By analyzing existing cross correlation between Steven Madden and Calumet Specialty Products, you can compare the effects of market volatilities on Steven Madden and Calumet and check how they will diversify away market risk if combined in the same portfolio for a given time horizon. You can also utilize pair trading strategies of matching a long position in Steven Madden with a short position of Calumet. Check out your portfolio center. Please also check ongoing floating volatility patterns of Steven Madden and Calumet.

Diversification Opportunities for Steven Madden and Calumet

-0.16
  Correlation Coefficient

Good diversification

The 3 months correlation between Steven and Calumet is -0.16. Overlapping area represents the amount of risk that can be diversified away by holding Steven Madden and Calumet Specialty Products in the same portfolio, assuming nothing else is changed. The correlation between historical prices or returns on Calumet Specialty and Steven Madden is a relative statistical measure of the degree to which these equity instruments tend to move together. The correlation coefficient measures the extent to which returns on Steven Madden are associated (or correlated) with Calumet. Values of the correlation coefficient range from -1 to +1, where. The correlation of zero (0) is possible when the price movement of Calumet Specialty has no effect on the direction of Steven Madden i.e., Steven Madden and Calumet go up and down completely randomly.

Pair Corralation between Steven Madden and Calumet

Given the investment horizon of 90 days Steven Madden is expected to generate 45.49 times less return on investment than Calumet. But when comparing it to its historical volatility, Steven Madden is 38.4 times less risky than Calumet. It trades about 0.05 of its potential returns per unit of risk. Calumet Specialty Products is currently generating about 0.06 of returns per unit of risk over similar time horizon. If you would invest  10,550  in Calumet Specialty Products on September 3, 2024 and sell it today you would lose (223.00) from holding Calumet Specialty Products or give up 2.11% of portfolio value over 90 days.
Time Period3 Months [change]
DirectionMoves Against 
StrengthInsignificant
Accuracy45.89%
ValuesDaily Returns

Steven Madden  vs.  Calumet Specialty Products

 Performance 
       Timeline  
Steven Madden 

Risk-Adjusted Performance

2 of 100

 
Weak
 
Strong
Weak
Compared to the overall equity markets, risk-adjusted returns on investments in Steven Madden are ranked lower than 2 (%) of all global equities and portfolios over the last 90 days. In spite of very healthy basic indicators, Steven Madden is not utilizing all of its potentials. The newest stock price disarray, may contribute to short-term losses for the investors.
Calumet Specialty 

Risk-Adjusted Performance

18 of 100

 
Weak
 
Strong
Solid
Compared to the overall equity markets, risk-adjusted returns on investments in Calumet Specialty Products are ranked lower than 18 (%) of all global equities and portfolios over the last 90 days. Despite somewhat weak basic indicators, Calumet may actually be approaching a critical reversion point that can send shares even higher in January 2025.

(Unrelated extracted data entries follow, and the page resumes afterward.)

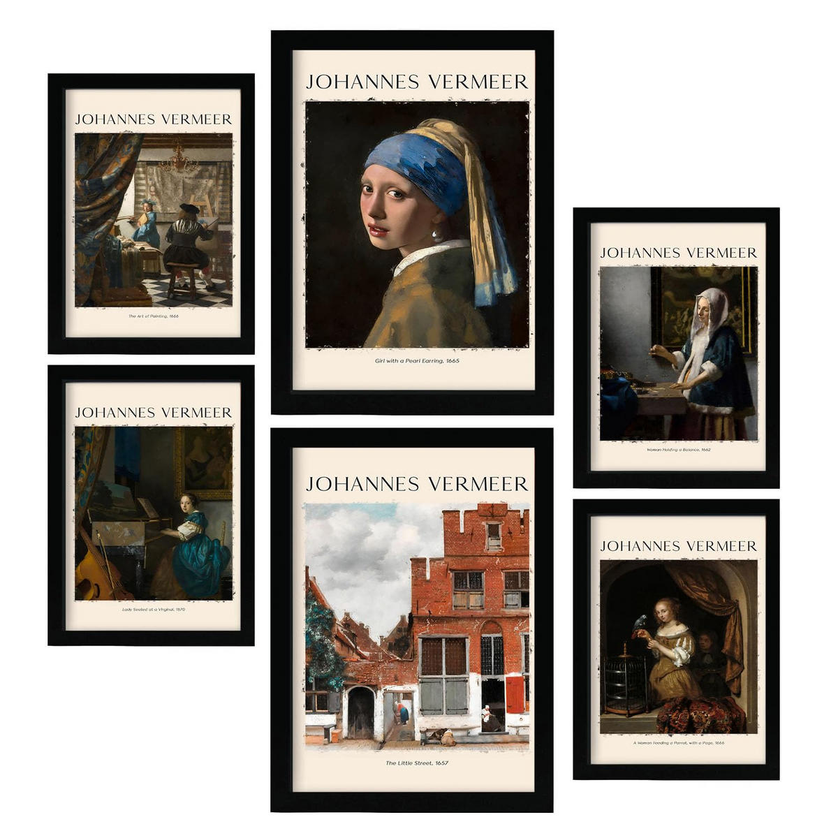 POSTER Set Mit 6 Johannes Vermeer Sammlung A3 & A4 Schwarzer Rahmen - Schwarz, Papier (29/3cm) - NacnicNacnic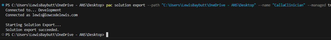 pac solution export --path c:\Users\Documents\Solution.zip --name MySolution --managed true Here you can see there are a number of parameters I have used for the export. The first two are required.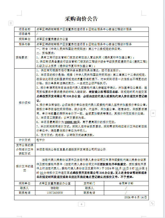 點(diǎn)軍區(qū)錦繡城南棚戶(hù)區(qū)安置房改造項(xiàng)目B區(qū)物業(yè)服務(wù)中心裝修工程設(shè)計(jì)服務(wù)詢(xún)價(jià)公告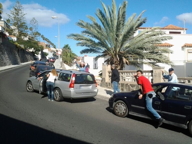 Fue esa mañana cuando se produjo un suceso prácticamente inédito en la infructuosa historia de las asambleas públicas y populares que se han sucedido con el tiempo en esta isla: la resolución de una Asamblea dejaba de ser un brindis al sol y se llevaba a la práctica. No eran las 12 del mediodía cuando se congregó y constituyó algo que tampoco tenía antecedentes en la historia de la lucha social de la isla: una improvisada “caravana de ocupación”. El espectáculo de 5 vehículos cargados de personas, tan comprometidas y tan distintas, dispuestas a liberar un inmueble, era algo difícil de explicar. La propia familia afectada, militantes anarquistas de la FAGC, antiguos miembros del 15-M, el sector más comprometido de “Stop Desahucios”, díscolos cristianos de base y gente sin otra ideología que el trabajo y la solidaridad, todos juntos con el objetivo de ejecutar un acto de Acción Directa y tomar un techo sin más prerrogativa que la de carecer de él.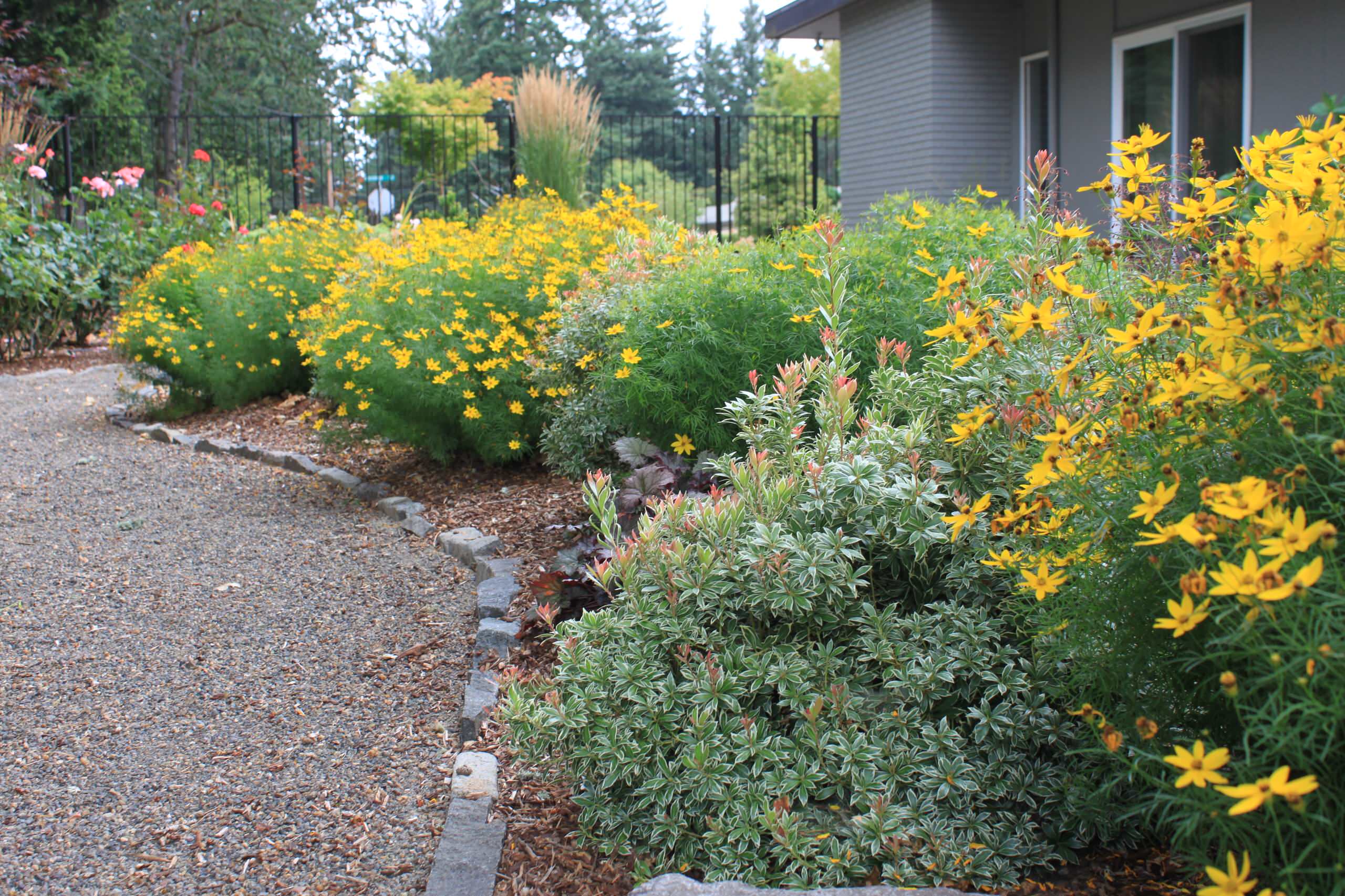 Here the designer has combined it with the summer blooming Zagreb tickseed (Coreopsis verticicllata ‘Zagreb’). When this perennial becomes dormant in winter, the andromeda will continue to add color to the border.

Steven Madden and Calumet Volatility Contrast

   Predicted Return Density   
       Returns  

Pair Trading with Steven Madden and Calumet

The main advantage of trading using opposite Steven Madden and Calumet positions is that it hedges away some unsystematic risk. Because of two separate transactions, even if Steven Madden position performs unexpectedly, Calumet can make up some of the losses. Pair trading also minimizes risk from directional movements in the market. For example, if an entire industry or sector drops because of unexpected headlines, the short position in Calumet will offset losses from the drop in Calumet's long position.
The idea behind Steven Madden and Calumet Specialty Products pairs trading is to make the combined position market-neutral, meaning the overall market's direction will not affect its win or loss (or potential downside or upside). This can be achieved by designing a pairs trade with two highly correlated stocks or equities that operate in a similar space or sector, making it possible to obtain profits through simple and relatively low-risk investment.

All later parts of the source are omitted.